Rob Tiller (Red Hat) has posted an interesting article about three mainstream articles (NPR, The Economist, Professor Mark Lemley) discussing problems caused by software patents.

That’s great news. Awareness of certain problems is growing in the mainstream press, but discussion of solutions is still quite shallow.

Trolls, innovation, and the economy

First, a glance at the three articles.

The NPR article is excellent:

The author digs into the very secretive dealings of patent troll Intellectual Ventures and reveals how little research they do, how they profit from litigation without getting their name mentioned, and how much patent fear exists among the small and medium-sized businesses of Silicon Valley.

The article in The Economist reviews the NPR article and adds some dicussion of importance of innovation to economies on a national level, and how patents are slowing innovation. Also interesting.

Finally, Mark Lemley discusses the causes of innovation and says that “Invention appears in significant part to be a social, not an individual, phenomenon. Inventors build on the work of those who came before, and new ideas are often ‘in the air,’ or result from changes in market demand or the availability of new or cheaper starting materials.” Lemley does talk about solutions, but while I haven’t read the solutions he suggests in this recent paper, I’ve found his previous proposals to be insufficient for software.

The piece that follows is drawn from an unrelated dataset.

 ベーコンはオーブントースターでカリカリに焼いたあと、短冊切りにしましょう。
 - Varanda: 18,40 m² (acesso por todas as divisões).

Two problems are yet to get the attention they deserve: standards and sufficient development.

First: Why are other problems important

There are ways to reduce the patent troll problem: Reduce the damages which courts can award to patent holders, require litigators to have products (like the US International Trade Commission requires), make the availability of low-cost licences mandatory for small businesses, etc. Might help.

If you think that patent trolls are the problem, then these might seem worth trying. It’s only when you look at the whole range of problems that it becomes clear that software patents simply shouldn’t exist.

Very little focus is given to the other group that uses patents to block software developers: large software companies. They all have big patent portfolios. Competition reduces their profits, so they use their patents to lock other developers out.

Currently underestimated: development, quality, competition

We don’t want just one implementation of each idea, we want loads. We need a legal framework which encourage software development. Sometimes software development produces innovation, and sometimes it doesn’t – sometimes it’s combining existing ideas in a more convenient package, or in a way that works with your other software, or to make a program that’s faster, or to provide similar functionality but with a better software licence or Terms Of Use.

The profile of software developers makes this important: software is developed by the biggest companies in the world, but also by individuals, groups of hobbyists, and by people that develop software as a by product of doing their main job. There is a massive spectrum of legal, human, and financial resources. Huge companies might see inefficiencies in the patent system and suggest tweaks, but for developers closer to the other end of the spectrum, patent litigation is a 60-foot wall without footholds.

Encouraging software development is about everyone having the right to enter the market, or the freedom to develop software, depending on your terminology.

Lastly: standards and compatibility

For software to be useful, it must look and behave more or less as computer users expect it to look and behave. More than that, it usually has to be able to read and write data in specific formats. If a word processor can’t read and write the types of word processor files that are in current use, then it’s not a useful word processor. Using existing ideas is thus essential. If you invent your own file format, it might be innovative, but it might also be useless. Like inventing a super new plug that doesn’t fit into any socket.

Conclusion

There’s no tweak that can fix all these problems. Software never should have been patentable in the first place.